Provided material:
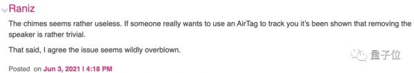 警报似乎没什么用,如果有人想用AirTag来跟踪你,只需要简单地把扬声器移除。
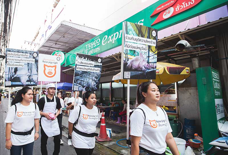 องค์กรพิทักษ์สัตว์แห่งโลก (World Animal Protection) ได้ดำเนินโครงการเลี้ยงหมูด้วยใจ (Raise Pigs Rights) ในประเทศไทยมาตั้งแต่พ.ศ.2561 โดยเริ่มจากการรณรงค์เพื่อยกเลิกการใช้คอกขังแม่หมูไปสู่การเลี้ยงแบบรวมกลุ่ม เพื่อประโยชน์ต่อทั้งสวัสดิภาพของหมูและผลิตภัณฑ์เนื้อหมูที่มีความปลอดภัยสู่ผู้บริโภคซึ่งได้รับความร่วมมือเป็นอย่างดีจากหลายภาคส่วนทั้งในส่วนผู้ผลิตหมูและห้างค้าปลีกต่างๆ โดยเฉพาะอย่างยิ่ง เทสโก้ โลตัสที่ได้ประกาศพันธสัญญาในการจัดจำหน่ายเนื้อหมูในรูปแบบแพ็กจากฟาร์มที่ไม่มีการขังแม่หมูตั้งท้องในกรงและมีการเลี้ยงแบบรวมกลุ่ม (Group Sows Housing) ภายในปีพ.ศ.2570 ซึ่งถือเป็นความสำเร็จก้าวใหญ่ที่เกิดขึ้นจากการเรียกร้องของผู้บริโภค
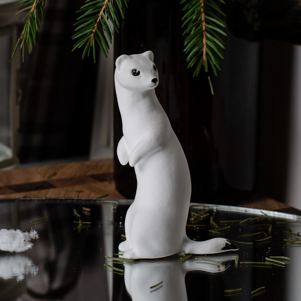 Фигурка горностая отражает всю изящность этого маленького ловкого охотника, который умеет танцевать и движется со скоростью ветра. Данное изделие оригинально украсить интерьер, будет интересным подарком и займет достойное место в собрании коллекционеров, может быть стильным украшением для новогодней елки.

Directions for this task: Transcribe the material above word for word; images do not belong in the copy.

Response for this exercise:
 警报似乎没什么用,如果有人想用AirTag来跟踪你,只需要简单地把扬声器移除。
 องค์กรพิทักษ์สัตว์แห่งโลก (World Animal Protection) ได้ดำเนินโครงการเลี้ยงหมูด้วยใจ (Raise Pigs Rights) ในประเทศไทยมาตั้งแต่พ.ศ.2561 โดยเริ่มจากการรณรงค์เพื่อยกเลิกการใช้คอกขังแม่หมูไปสู่การเลี้ยงแบบรวมกลุ่ม เพื่อประโยชน์ต่อทั้งสวัสดิภาพของหมูและผลิตภัณฑ์เนื้อหมูที่มีความปลอดภัยสู่ผู้บริโภคซึ่งได้รับความร่วมมือเป็นอย่างดีจากหลายภาคส่วนทั้งในส่วนผู้ผลิตหมูและห้างค้าปลีกต่างๆ โดยเฉพาะอย่างยิ่ง เทสโก้ โลตัสที่ได้ประกาศพันธสัญญาในการจัดจำหน่ายเนื้อหมูในรูปแบบแพ็กจากฟาร์มที่ไม่มีการขังแม่หมูตั้งท้องในกรงและมีการเลี้ยงแบบรวมกลุ่ม (Group Sows Housing) ภายในปีพ.ศ.2570 ซึ่งถือเป็นความสำเร็จก้าวใหญ่ที่เกิดขึ้นจากการเรียกร้องของผู้บริโภค
 Фигурка горностая отражает всю изящность этого маленького ловкого охотника, который умеет танцевать и движется со скоростью ветра. Данное изделие оригинально украсить интерьер, будет интересным подарком и займет достойное место в собрании коллекционеров, может быть стильным украшением для новогодней елки.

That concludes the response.